Books
This Literary Road Trips Map = Your Next Obsession
If you'll excuse me, I now have plans for the next 14 hours thanks to Atlas Obscura's Guide to Literary Road Trips — an "obsessively detailed," annotated Google Map of the most epic U.S.-based road trips in American literature. Spanning 12 memoirs and novels published from 1872 until 2012, this ridiculously amazing map allows all of us to search every single place-name reference in the books, not only with quotes from the books themselves, but via Google street view so we can see it through the traveling author's eyes. The coolest part? When certain places overlap and you can see the difference in how authors spanning decades or centuries view the same landscape. I'm going to now apologize to everyone's boss or teacher for bringing this delightful time-suck to your attention.

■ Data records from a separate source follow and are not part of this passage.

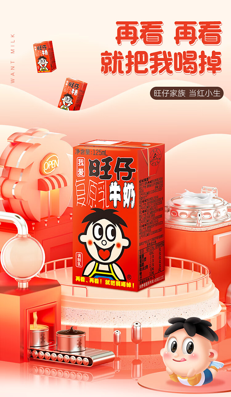 旺旺 旺仔牛奶 儿童牛奶早餐奶 原味 125ml*24
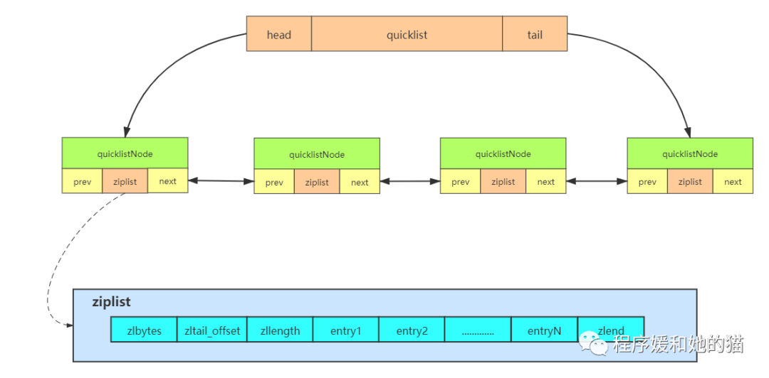 quicklist是ziplist和linkedlist的混合体,它将linkedlist按段切分,每一段使用ziplist来紧凑存储,多个ziplist之间使用双向指针串接起来。
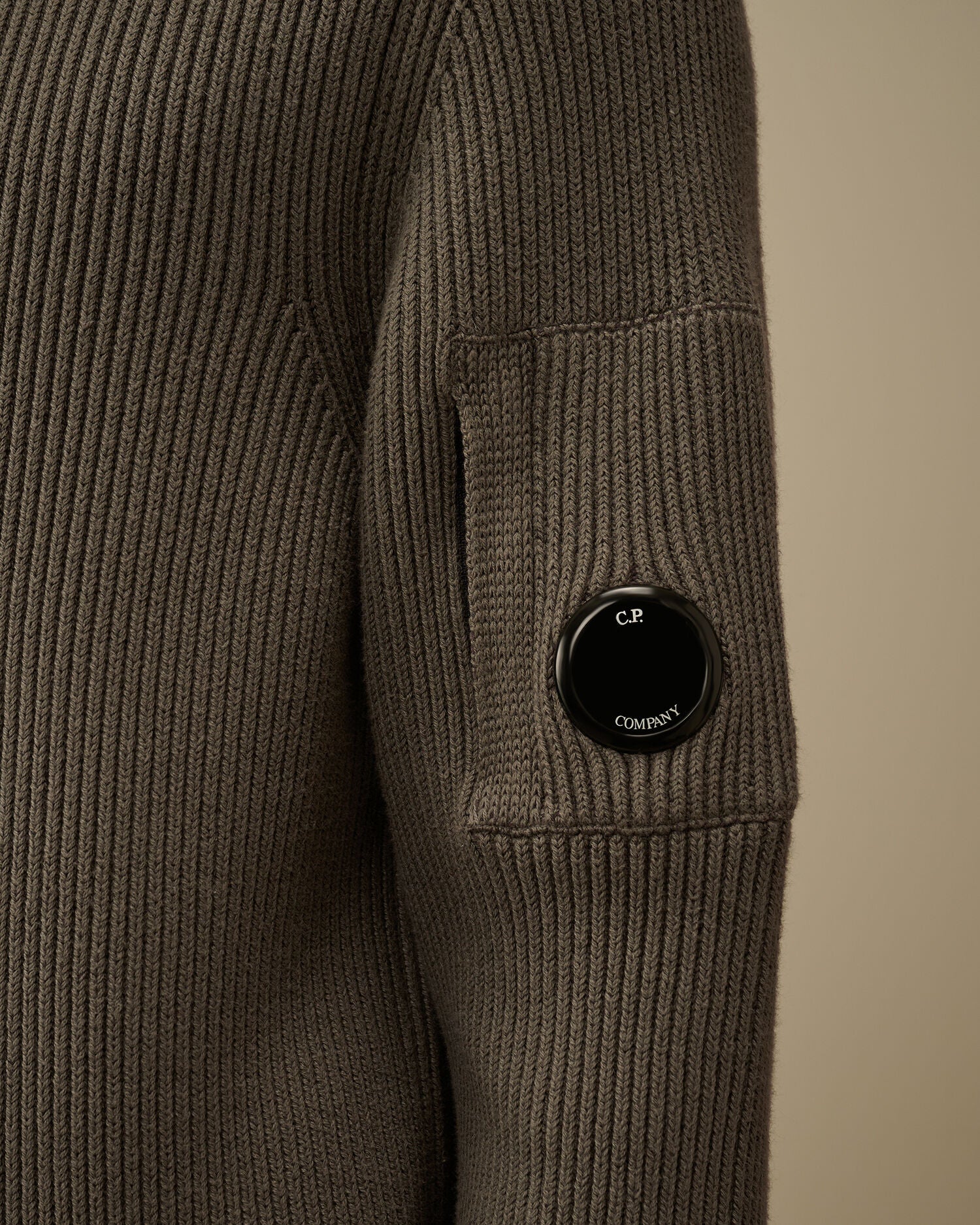 Cp Company 204A Lens Ribbed Wool Blend Knit In Olive Night
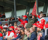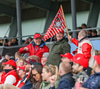 Áfram FH, áfram FH - heyrist úr stúkunni. Það er greinilega vel mætt úr Hafnarfirðinum.
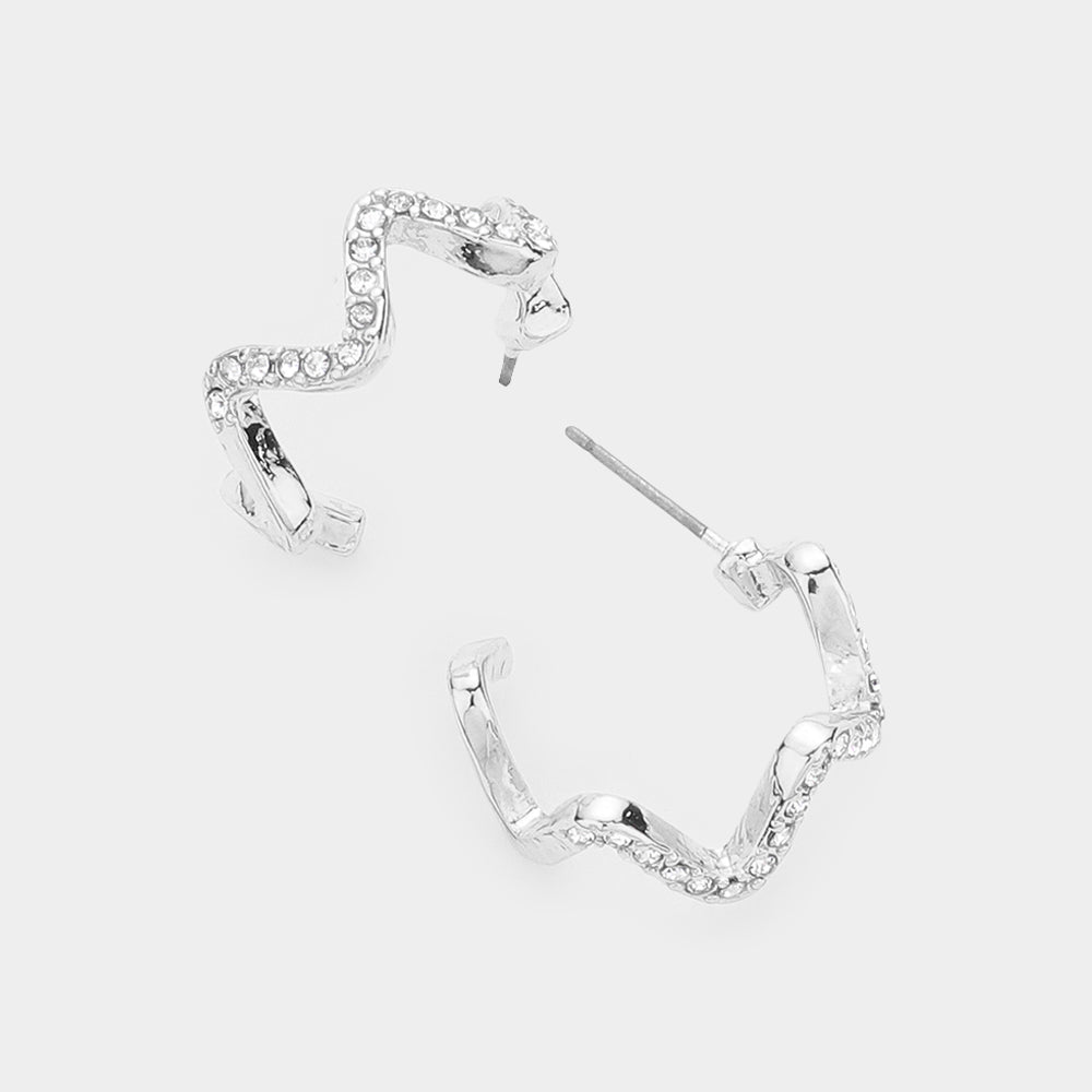 iLLASPARKZ Stone Paved Wavy Metal Hoop Earrings
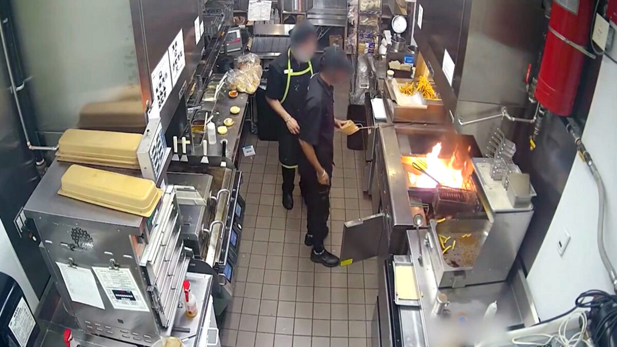 Helder licht besluit brandend vet met een sloot water te blussen Fails
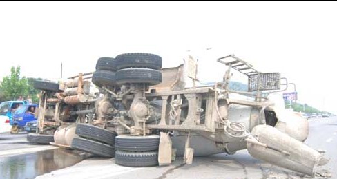 8月25日上午9時(shí)左右,在煙臺(tái)市芝罘區(qū)青年南路與魅玉路交匯處,一輛混凝土攪拌車因車速過快,為躲避斑馬線上兩名推自行車的少年時(shí),撞上路口一輛轎車,又越過一輛面包車后側(cè)翻在地。

Writer Richard Kreitner created this literary road trip map for Atlas Obscura — a collaborative, Web-based guide to the "world's wondrous and curious places" — because he calls himself a "freak for the American road trip." He sorted through American literature to find 12 books were the road trip wasn't just an addition to the story but it created thematic narrative arc. It couldn't be too short, such in Fear and Loathing in Las Vegas ; to scattered, as in Lolita ; or too removed from the major themes, as in The Grapes of Wrath . In chronological order of publishing date, the following 12 books are available on the map:
- Roughing It by Mark Twain (1872)
- The Cruise of the Rolling Junk by F. Scott Fitzgerald (1934)
- On the Road by Jack Kerouac (1957)
- Travels with Charley by John Steinbeck (1962)
- The Electric Kool-Aid Acid Test by Tom Wolfe (1968)
- Zen and the Art of Motorcycle Maintenance by Robert Pirsig (1974)
- A Walk Across America by Peter Jenkins (1979)
- Rolling Nowhere: Riding the Rails With America's Hoboes by Ted Conover (1984)
- Blue Highways: A Journey into America by William Least Heat Moon (1999)
- The Lost Continent by Bill Bryson (2001)
- Cross Country: Fifteen Years and 90,000 Miles on the Roads and Interstates of America with Lewis and Clark by Robert Sullivan (2006)
- Wild by Cheryl Strayed (2012)
Things get particularly busy on the Northeast Coast and out near Carson City and Reno, on the border of Nevada and California.
Here's how the Reno, Nevada area is described by Strayed in Wild in 2012:
By the time the bus pulled into the station in Reno at 4 a.m., I hadn't slept a minute. Greg and I had an hour to kill before the next bus would depart for Truckee, so we wandered blearily through the small casino that adjoined the bus station, our packs strapped to our backs.
...and Kerouac in On the Road in 1957:
It was a hot, sunny afternoon. Reno, Battle Mountain, Elko, all the towns along the Nevada road shot by one after another, and at dusk we were in the Salt Lake flats with the lights of Salt Lake City infinitesimally glimmering almost a hundred miles across the mirage of the flats, twice showing, above and below the curve of the earth, one clear, one dim.
...and in Blue Highways in 1999:
I drank my beer and took my case down the road, through the irrigated plain at Fallon, into hills, along the Truckee River, under a shelf of glowing clouds above downtown Reno, past signs offering CANDLE LIGHT WEDDINGS—NO WAITING—FREE WITNESSES. I stopped near the University of Nevada...
Moving to the East Coast, there's, of course, New York City.
F. Scott Fitzgerald in 1934:
There was a race course near New York, I remember, or perhaps it was an aerodrome, and there were many tall bridges leading somewhere, and then there was the city. Streets, crowds in the streets, a light wind blowing, the sunshine between tall buildings, faces splashing and eddying and swirling like the white tips of countless waves, and, over all, a great, warm murmur.
Bryson in 2001:
Times Square is incredible. You've never seen such lights, such hustle. Whole sides of buildings are given over to advertisements that blink and ripple and wave. It's like a storm on an electronic sea.
And Wolfe in 1968:
They reached New York in the middle of July, and they were like horses in the home stretch. Everybody felt good. They tooled across 42nd Street and up Central Park West with the speakers blaring and even New York had to stop and stare...And NewYork—what a dirge New York was. The town was full of solemn, spent, irritable people shit-kicking their way down the sidewalks. A shit kicker is a guy with a frown on and his eyes on the ground, sloughing forward with his shoes scuffing the pavement like he's kicking horseshit out of the way saying oh that this should happen to me. The shit kickers gave them many resentful looks, which was the Pranksters' gift to the shit kickers. They could look up at the bus and say those are the bastids who are causing it, all the shit.
Isn't it incredible to think of these distinct and accomplished authors, each with their own voice, occupying the same tiny parcel of land across decades? I know, I could do this forever. All the applause to Atlas Obscura — and all the apologies to anyone who tries to talk to me today.